Homestays are anxious/reluctant to have checks through the local authority, how can we put their minds at rest?
The follow up is a supportive welfare check. A member of the private fostering team would normally speak to the child and host parent. They will be wanting to find out more about the host’s parenting capacity and experience. Private Fostering teams are aware that hosts of international students are often very experienced. They would also follow up two references, expect to have evidence of DBS checks on the family and a health & safety check of the residence, much like the AEGIS homestay checks. The local authority will deal directly with the homestay but information can be provided via a guardianship organisation to support the process.
Homestays are anxious about Covid-19 and do not want people visiting their homes, how is this being handled?
Local authorities are sensitive to people’s concerns during the pandemic and understand hosts might be shielding or feeling worried about having people in their homes. They are conducting interviews via video call or some might prefer a doorstep visit. If a face-to-face visit is deemed necessary, PPE is worn and social distancing adhered to.

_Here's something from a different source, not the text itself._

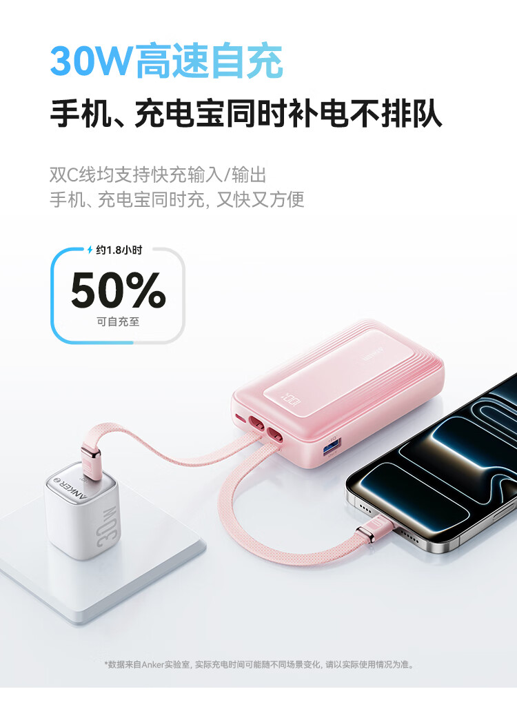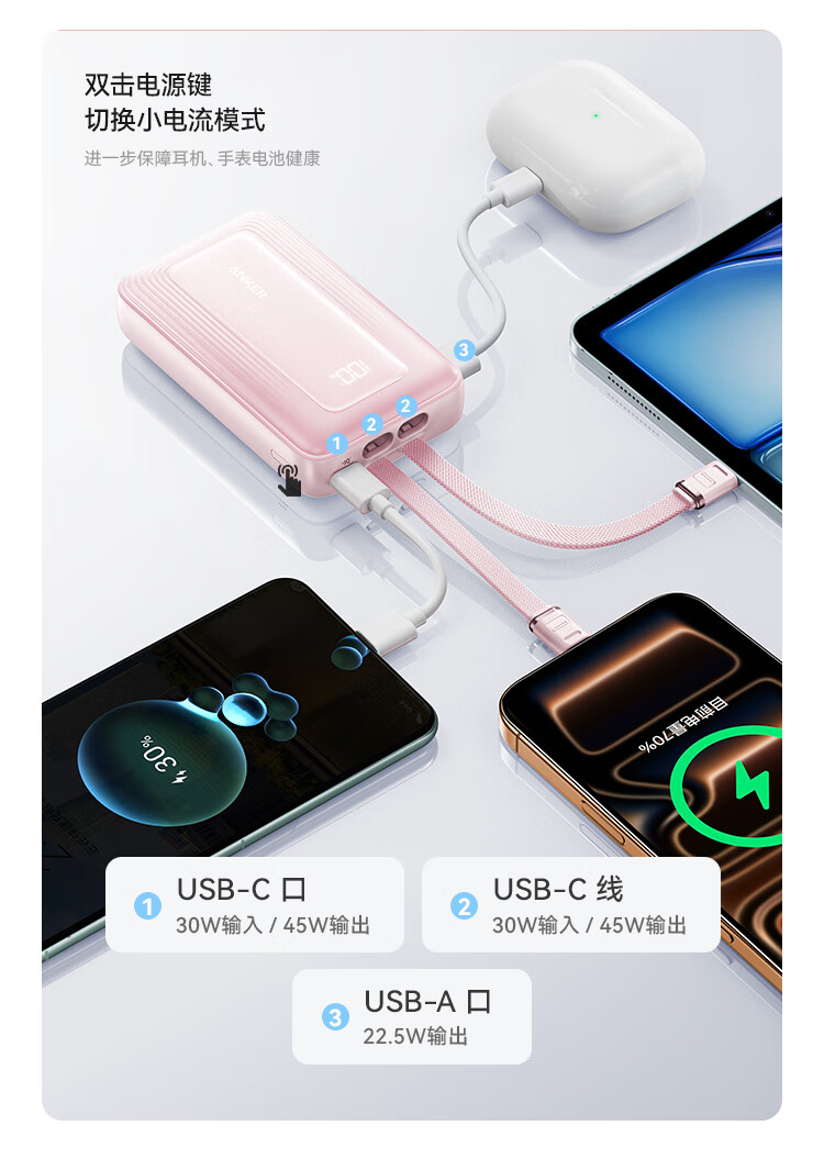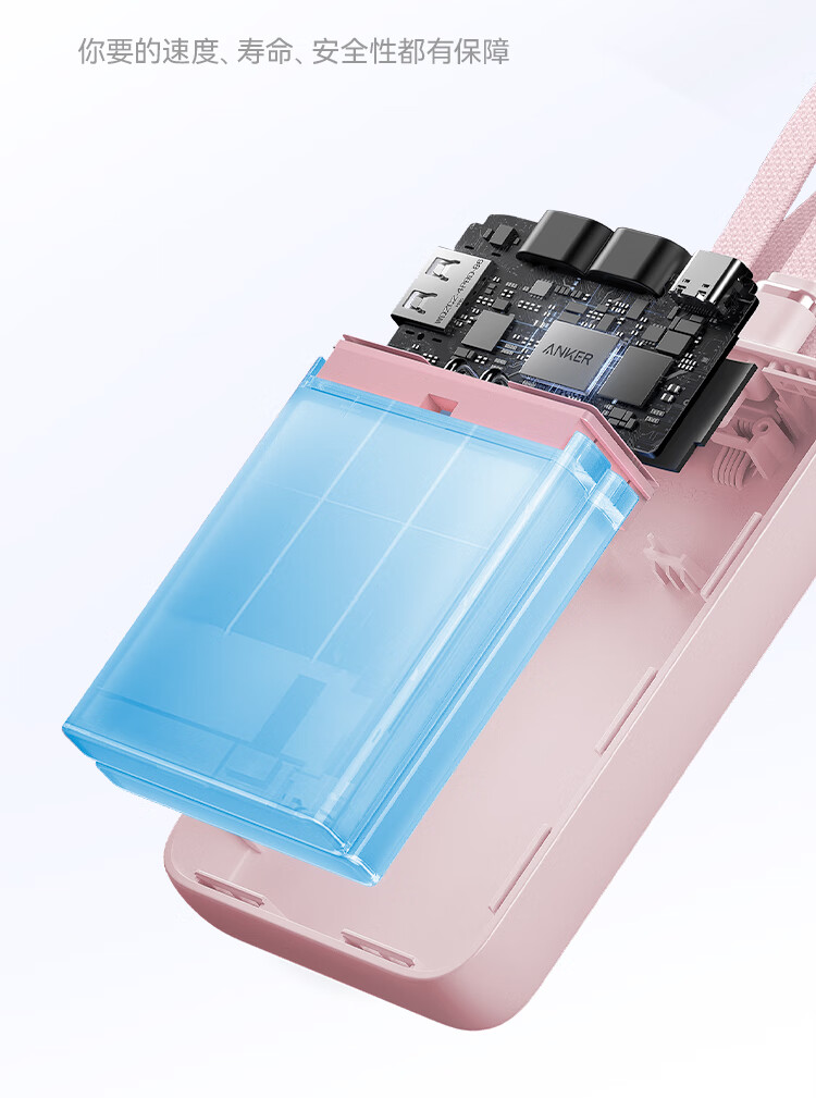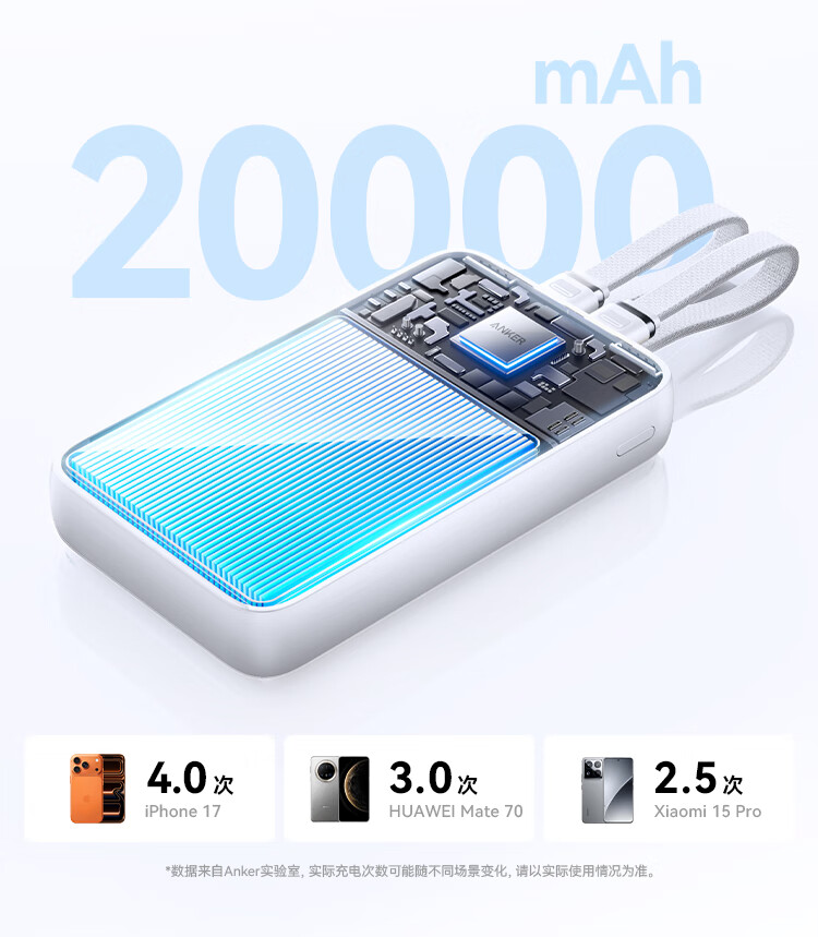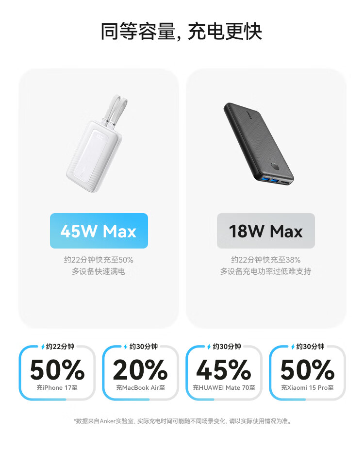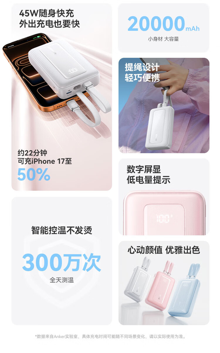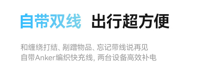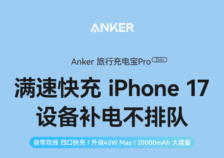 ANKER 安克【3C认证可上飞机】旅行充电宝自带双c线45W20000毫安mAh大容量超快充移动电源安卓苹果 蓝

Does the student have to be removed from the homestay while the local authority is carrying out checks?
No the student does not need to be moved, they can continue their stay with their homestay.
Can we move a child every 27 days to avoid the checks?
Moving a child to avoid the private fostering checks goes against best practice and is exactly the type of practice which local authorities are trying to prevent. It would not be in the best interests of the child.
How can AEGIS Guardians help?
AEGIS guardians are already aware of private fostering arrangements and requirements due to the AEGIS Quality Standards which AEGIS guardians adhere to. Standard 10 refers to Private Fostering:
10.1 Where a guardianship organisation has any day students under the age of 16 (under 18, if the student has a disability) living with homestays who are not their parent or a close relative for 28 days or more, they must adhere to the regulations regarding private fostering in place within their local area as directed by their local authority.
10.2 The guardianship organisation is required to liaise with the school and the homestay to ensure that where possible the local authority is notified of the proposal for a private fostering arrangement at least six weeks before the date on which the arrangement is to begin or immediately where the arrangement is to begin within six weeks.
10.3 The guardianship organisation must liaise with the school and homestay to explain carefully what is required of them in entering into a private fostering arrangement. This includes explaining that there will be regular visits and meetings with the local authority.
10.4 The guardianship organisation is required to have a system in place for recording all correspondence with the local authority private fostering team and securing relevant permissions to share such information as is necessary with the student, parents, agents (where appropriate), homestay and partner school.
10.5 In the case of day students over the age of 16, the guardianship organisation should be mindful of the extended period students will spend with homestays and regularly carry out suitable checks to monitor and ensure their welfare.
AEGIS guardians adhere to stringent homestay checks and safer recruitment procedures for all homestays, whether hosting students for short or long stays, as these are AEGIS requirements. They are aware of their private fostering reporting duty and many will already be working with private fostering families.